HHS is issuing this amendment as an interim final rule with comment so as to provide the public with an opportunity for comment on the amendment, including to gather public comment on the implications of the amendment.

The APA also generally requires that a final rule be effective no sooner than 30 days after the date of publication in the Federal Register. This 30-day delay in effective date can be waived, however, if an agency finds good cause as to why the effective date should not be delayed, and the agency incorporates a statement of the finding and its reason in the rule issued.
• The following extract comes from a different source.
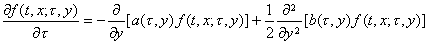 [柯尔莫哥洛夫第二方程]  如果扩散过程的条件分布函F(t,x;τ,y)具有分布密度f(t,x;τ,y),并且下面的各个偏导数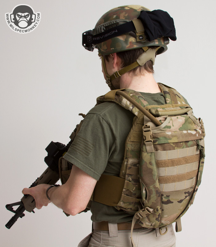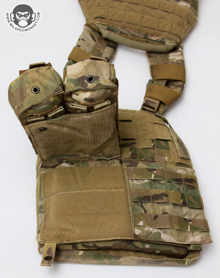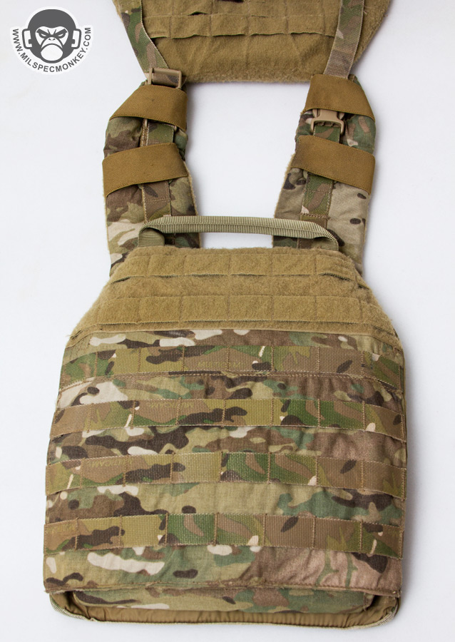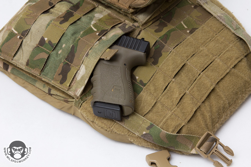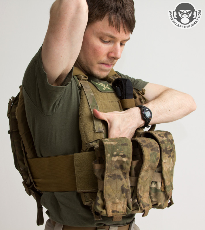 Getting the PIG on and off is easier than most carriers due to the accessible shoulder SRBs and split front panel. Due to this, the user can just release one shoulder buckle and one cummerbund side to easily get out, not taking too much longer than a quick release system. For the side straps an elastic based and PALS cummerbund are available. The elastic one being simple and lightweight for those who want simplicity and the PALS cummerbund for those who want more mounting options. Since my monkey ass is so small, I was only able to get the elastic cummerbund to fit as tight as desired due to cheating the back connection tight with overlap. The PALS cummerbund is somewhat big and uses shock-cord to connect so I wasn't able to get it tight enough. As a work around one can use shock-cord to tie the PALS of the sides to the PALS of the back panel. This can take some trial and error on what cord thickness to use and how many times to wrap to get the balance of a good fit with some elastic give for breathing. The PALS cummerbund on its own doesn't have any stiffener which makes it flexible and generally lightweight, however will sag a little if heavy equipment is mounted. Not to be forgotten, pocket addons are available for 6"x 6" side plates as well as 6"x 8" & 7" x 8" models for both elastic and PALS cummerbunds. Using a nice combo of elastic, stiffened back, and adjustable webbing loops, the pockets allow one to mount a side plate, or both a side plate and a soft armor backer behind it without a bunch of flopping around.

For the same reason that we are issuing an interim final rule, we are making it effective immediately; that is, because the PCIP program—a temporary program with limited funding—is currently enrolling eligible individuals and providing benefits for such enrollees, it is important that we provide clarity with respect to the eligibility of this new and unforeseen group of individuals as soon as possible, before anyone with deferred action under the DACA process applies to enroll in the PCIP program.
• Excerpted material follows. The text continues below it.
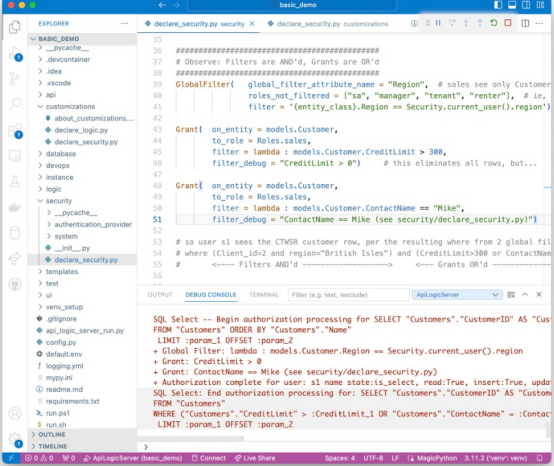 2.在IDE中自定义虽然API/UI自动化是一个很好的开端,但实施逻辑和安全性至关重要。WordPress模板其方法如下: 下面的apply_customization过程模拟向项目添加安全性,并使用IDE在logic/declare_logic.sh和security/declare_security.py中声明逻辑和安全性。声明的安全性和逻辑显示在下面的截图中。 在项目的终端窗口中要应用自定义: (1)停止服务器(红色停止按钮,或Shift-F5 -参见附录) (2)自定义应用 复制# mac, linux sh apply_customizations.sh #windows ./apply_customizations.ps11.2.3.4. 2.1声明安全性 上面的apply_customizations过程模拟了ApiLogicServer add-authcommand,并使用IDE在logic/declare_logic.sh中声明安全性。 以下是声明安全性的过程: (1)启动服务器F5 (2)启动Admin应用程序:http://localhost:5656/ (3)登录账号为s1,密码为p (4)点击客户 注意: (1)管理应用程序现在显示的客户数量已经减少 (2)下面的截图说明了安全声明和操作: 上面代码面板中的声明性授予,等等下面代码面板的日志记录,通过显示应用了哪些授权(+ Grant:)来帮助调试;  2.2声明逻辑 逻辑(多表派生和约束)是数据库系统的重要部分,通常占到将近一半。API逻辑服务器提供类似电子表格的规则,极大地简化和加速逻辑开发。 规则在Python中声明,并通过IDE代码完成简化。下面的屏幕显示了检查信用逻辑的5条规则。 上面的服务器托管apply_customizations过程模拟了使用IDE在logic/declare_logic.sh中声明逻辑的过程。 可以查看运行中的逻辑: (1)在管理应用程序中,注销(右上角),并以管理员(admin)身份登录。 (2)使用管理应用程序为客户1添加订单和项目(见附录)。 观察控制台日志中触发的规则,如下面的屏幕截图所示。 逻辑提供了对过程逻辑的显著改进,如下所述。 A.复杂性扩展 下面的截图显示了逻辑声明和插入项目(Item)的日志记录。每行表示一个规则触发,并显示该行的完整状态。 注意,这是一个多表事务,如缩进所示。这是因为-就像电子表格-规则自动链,包括跨表。  B.代码简洁40倍 5个类似电子表格的规则可以表示与200行代码相同的逻辑,如下所示。这在系统的后端减少了40倍代码。 C.自动再利用 以上的逻辑(可能是为Place order设计的)自动应用于所有事务:删除订单、更改项目、将订单转移给新客户等。这减少了代码,并提高了质量(没有遗漏的极端情况)。 D.自动优化 通过削减和消除昂贵的聚合查询,可以最小化SQL开销。这些可能导致数量级的影响。 E.规则透明 规则是一种可执行的设计。需要注意的是,它们完全映射到自然语言设计(如注释所示),可供业务用户阅读。 可以选择使用Behave TDD方法来定义测试,并且规则报告Rules Report将显示为每个测试执行的规则。 3.使用规则和Python进行迭代类似于电子表格的规则不仅简洁了40倍的代码,而且还有效地简化了维护。举个例子: 购买10件或以上的碳中和产品,给予10%的折扣。 下面的apply_iteration过程模拟迭代: 通过Product.CarbonNeutral获取一个新的数据库。发出ApiLogicServer rebuild-from-database命令,重建项目(数据库模型、API),同时保留上面所做的自定义设置。获取修改后的ui/admin/admin.yaml,在管理应用程序中显示这个新列。获得修改后的逻辑:在logic/declare_logic.py中,将model . item . amount公式的2行替换为以下内容(下一个截图显示了使用断点执行的修订逻辑): 复制def derive_amount(row: models.Item, old_row: models.Item, logic_row: LogicRow): amount = row.Quantity * row.UnitPrice if row.Product.CarbonNeutral and row.Quantity >= 10: amount = amount * Decimal(0.9) # breakpoint here return amount Rule.formula(derive=models.Item.Amount, calling=derive_amount)1.2.3.4.5.6. 要应用这个迭代,在项目的终端窗口中: (1)停止服务器(红色停止按钮,或Shift-F5 -参见附录) (2)应用迭代 复制# mac, linux sh apply_iteration.sh #windows ./apply_iteration.ps11.2.3.4. (3)设置断点,如下图所示。 (4)测试:启动服务器,以管理员身份登录。 (5)使用管理应用程序通过添加12个绿色项目来更新订单。 在断点处,可以使用标准调试器服务来调试逻辑(检查项目属性、步骤等)。

IV. Executive Orders 13563 and 12866

Executive Orders 13563 and 12866 direct agencies to assess all costs and benefits of available regulatory alternatives and, if regulation is necessary, to select regulatory approaches that maximize net benefits (including potential economic, environmental, public health, and safety effects, distributive impacts, and equity). Executive Order 13563 emphasizes the importance of quantifying both costs and benefits, of reducing costs, of harmonizing rules, and of promoting flexibility. This rule has been designated a “significant regulatory action,” although not economically significant, under section 3(f) of Executive Order 12866. Accordingly, the rule has been reviewed by the Office of Management and Budget.

V. Statutory Authority

The amendment to the interim final regulation is adopted pursuant to the authority contained in section 1101 of the Patient Protection and Affordable Care Act (Pub. L. 111-148).

List of Subjects in 45 CFR Part 152

  • Administrative practice and procedure
  • Health care
  • Health insurance
  • Penalties
  • Reporting and recordkeeping requirements

For the reasons stated in the preamble, the Department of Health and Human Services amends 45 CFR part 152 as follows:

PART 152—PRE-EXISTING CONDITION INSURANCE PLAN PROGRAM

1. The authority citation for part 152 continues to read as follows:

Authority: Sec. 1101 of the Patient Protection and Affordable Care Act (Pub. L. 111-148).

2. Section 152.2 is amended by adding paragraph (8) to the definition of “lawfully present” to read as follows:

§ 152.2
Definitions.

Lawfully present means— * * *

(8) Exception. An individual with deferred action under the Department of Homeland Security's deferred action for childhood arrivals process, as described in the Secretary of Homeland Security's June 15, 2012, memorandum, shall not be considered to be lawfully present with respect to any of the above categories in paragraphs (1) through (7) of this definition.

Dated: August 24, 2012.

Marilyn Tavenner,

Acting Administrator, Centers for Medicare & Medicaid Services.

Approved: August 27, 2012.

Kathleen Sebelius,

Secretary, Department of Health and Human Services.